_EXTRACTED ENTRIES_
● ● ● ●
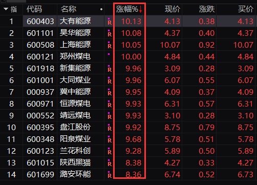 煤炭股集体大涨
● ● ● ●
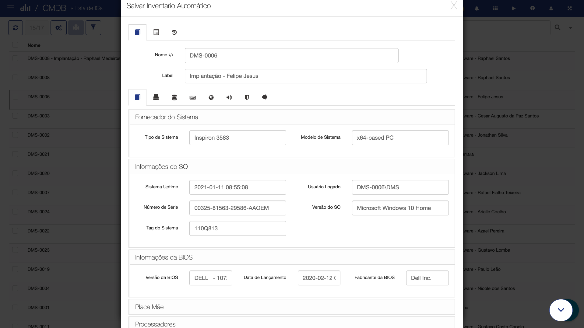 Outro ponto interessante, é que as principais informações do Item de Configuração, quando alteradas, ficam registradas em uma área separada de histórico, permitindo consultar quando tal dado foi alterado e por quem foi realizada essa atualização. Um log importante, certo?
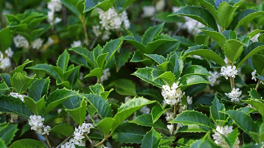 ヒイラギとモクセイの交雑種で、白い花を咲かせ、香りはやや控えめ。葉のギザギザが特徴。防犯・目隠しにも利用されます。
● ● ● ●
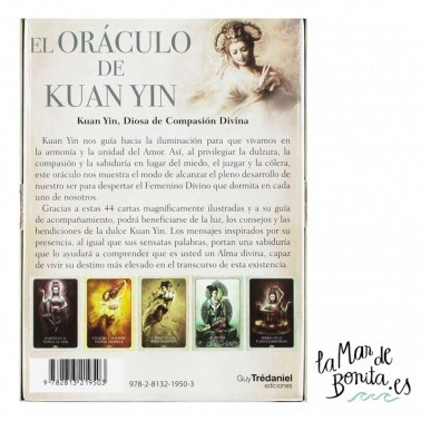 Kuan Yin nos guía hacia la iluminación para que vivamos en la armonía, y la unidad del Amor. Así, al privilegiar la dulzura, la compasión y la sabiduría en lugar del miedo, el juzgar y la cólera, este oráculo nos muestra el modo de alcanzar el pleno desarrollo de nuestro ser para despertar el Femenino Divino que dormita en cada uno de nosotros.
● ● ● ●
_WHAT THE EXERCISE ASKS_
What you return must match, character for character, the lines above from the one with "Outro ponto interessante, é" through the one with "ヒイラギとモクセイの交雑種で", minus any pictures.

_ANSWER TO THE EXERCISE_
 Outro ponto interessante, é que as principais informações do Item de Configuração, quando alteradas, ficam registradas em uma área separada de histórico, permitindo consultar quando tal dado foi alterado e por quem foi realizada essa atualização. Um log importante, certo?
 ヒイラギとモクセイの交雑種で、白い花を咲かせ、香りはやや控えめ。葉のギザギザが特徴。防犯・目隠しにも利用されます。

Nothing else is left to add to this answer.